He also worked as an instructor in business communications at a technical/vocational school in Corpus Christi for a spell in the mid-1990s.
He came to the Sequim Gazette in January 2009 and served as editor until May 2010.
In his first editorial for the Gazette, Casey noted, “It’s here where the Gazette is the audience, cheerleader, critic and town crier, the place to look for pats on the back and to find shoulders to cry on, the chronicler of everything from duplicate bridge scores to acts of heroism.
“Putting all of this in ink onto paper — and in bits and bytes onto sequimgazette.com — is an exhilarating, humbling, frightening, heart-rending, heart-warming and rib-tickling job.”
Brown Maloney, former owner of the Sequim Gazette, said Casey offered a trusted voice when it came to community news.
“Jim was a news guy from an era when real news mattered,” Maloney said.
“When he got fired up about something he could write a good editorial. Communites were better with good editorials backed up from trusted news outlets and trusted voices such as Jim Casey’s.”
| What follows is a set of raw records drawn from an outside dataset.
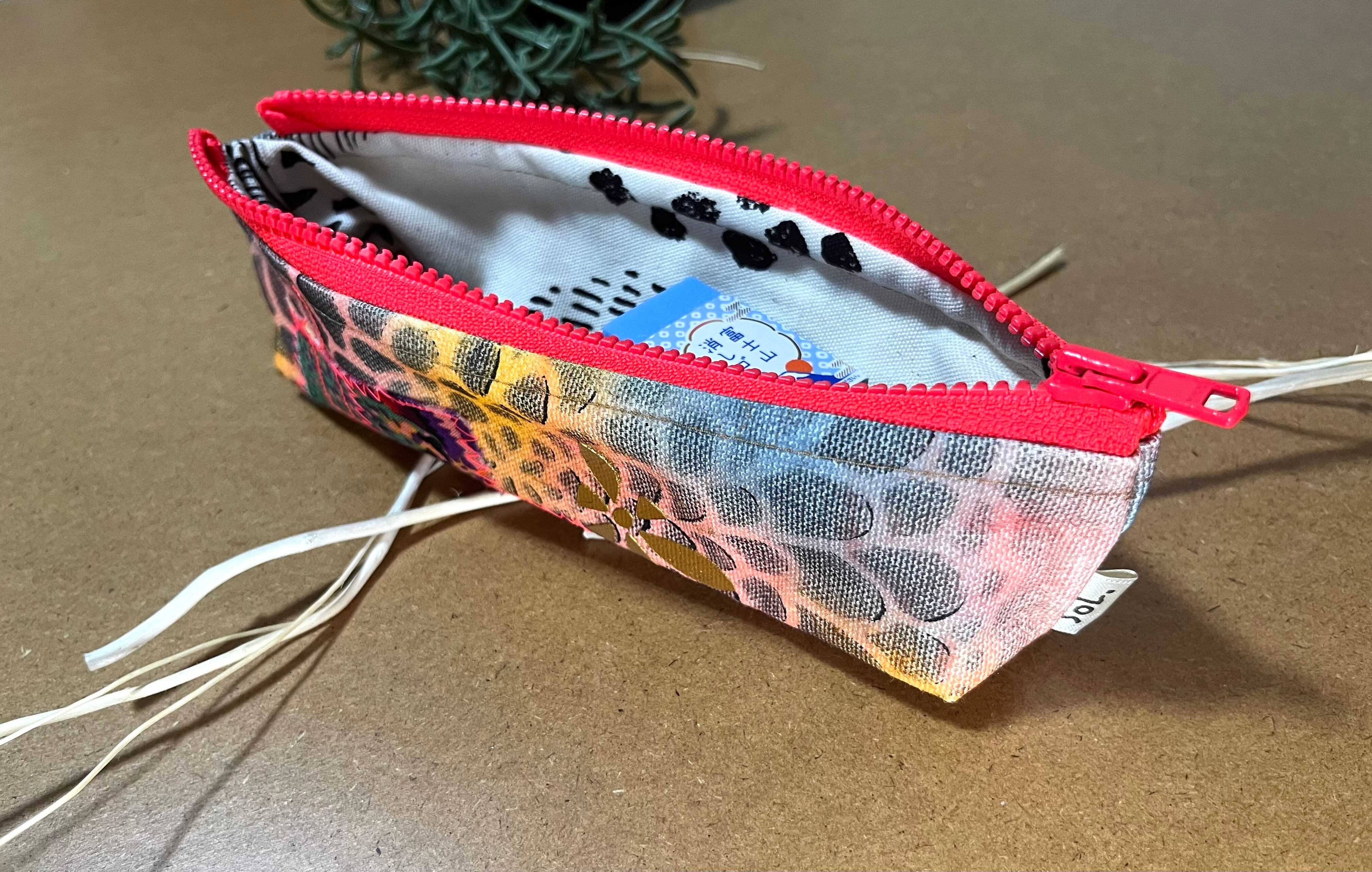 カラフルでユニークな世界のペンケースです。アクリル絵の具を使って模様を描いてます。布ワンポイントをつけ、そのままデザインになっています。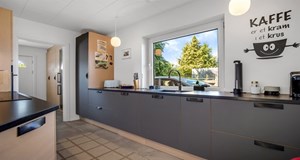 Ejendommen som ligger på en grundstørrelse af 603 kvadratmeter, er sat til salg for 2.645.000 kr., hvilket gør den til et mere prisvenligt alternativ i Kolding.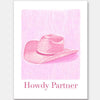 Howdy Partner Unframed Art Print - A playful nod to Western nostalgia, this retro poster art print by Jenny Liz Rome brings a modern twist to classic cowboy culture. Featuring a bold pink cowboy hat against a textured background, this artwork is a statement-maker in any space. Ideal for those who love boho style wall art with a touch of Americana, it effortlessly blends with many interior styles. Whether styled in a country-inspired setting or a contemporary bohemian art collection, this piece adds a fun and charismatic charm to your decor.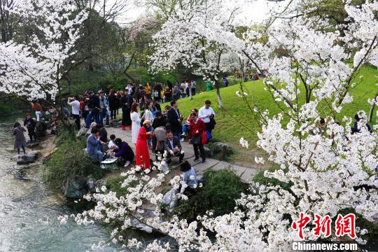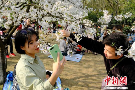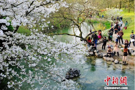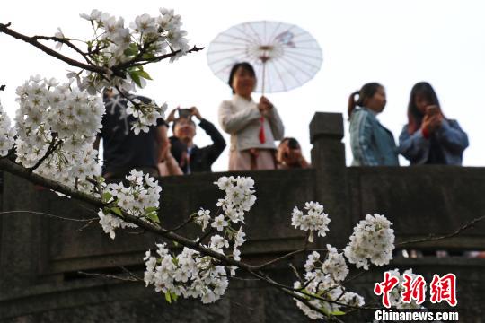 图为绽放的樱花吸引了民众观赏。 张洋 摄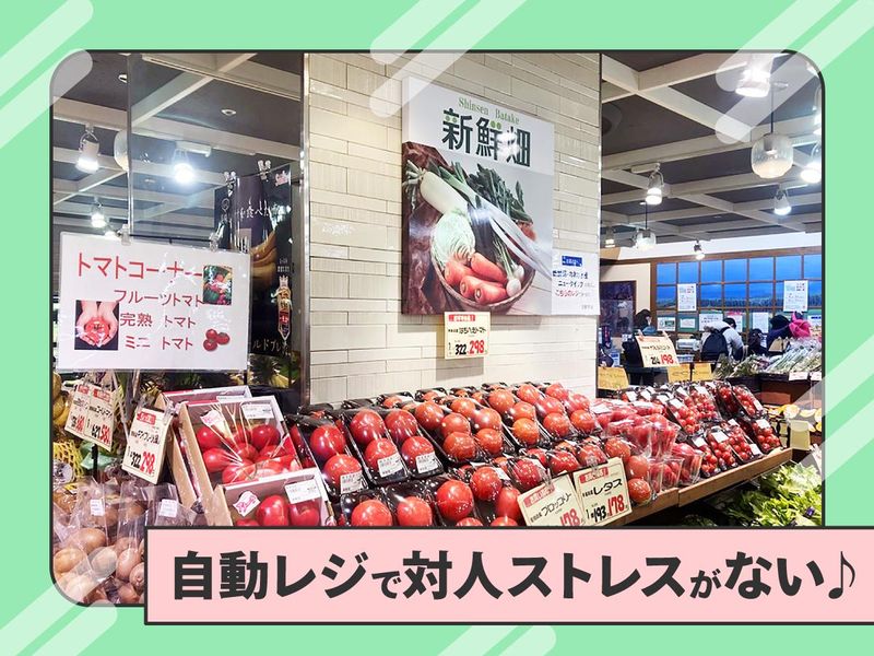 仕事内容 【お仕事内容】 スーパーの自動レジでのお仕事です。 商品をバーコードで「ピッ」と読み取り、あとは機械におまかせ! 未経験の方でも安心スタートできます。 ※金銭授受はこちら側で行います。 現在も「高校生・大学生・フリーター・主婦(夫)」など、幅広い年代が活躍中! バイトデビューの方も、しっかりサポートします♪ ▼ここがポイント!▼ ⭐週2日・1日3h~OK! 学校や家事との両立もラクラク ⭐駅から30秒! 雨の日も通いやすい◎ ⭐扶養内勤務OK(主婦(夫)の方に安心) ⭐テスト期間やお子さんの行事でのお休みも柔軟対応 ⭐自動レジだから接客もシンプル&安心 ⭐短時間・Wワークも可能 ー <シフト例> 高校生:学校帰りに 17:00~21:30 大学生:授業のない日に 13:00~18:00 フリーター:13:00~21:30(休憩あり) ライフスタイルに合わせた働き方が可能! ー 関東近県に展開する「新鮮畑」で 新スタッフ大募集!! 旬な商品を取り入れ、鮮度バツグン! リピーターや常連のお客様も多く 落ちついた雰囲気のお店です♪

Casey was also very active in the community, serving as a member of the Olympic Unitarian Universalist Fellowship, Olympic Climate Action and Compassion of Clallam County. After retiring he spent time woodworking, making canes, walking sticks, hiking staffs and pieces of art with driftwood.
Casey is survived by his wife Dana, whom he married on December of 1968 in Chicago. He is also survived by daughter Elisabeth Anne Casey of Corpus Christi, Texas; brother Steve John Casey of Los Angeles, Calif., and sister Sandra Woods of Mississippi, as well as three grandchildren.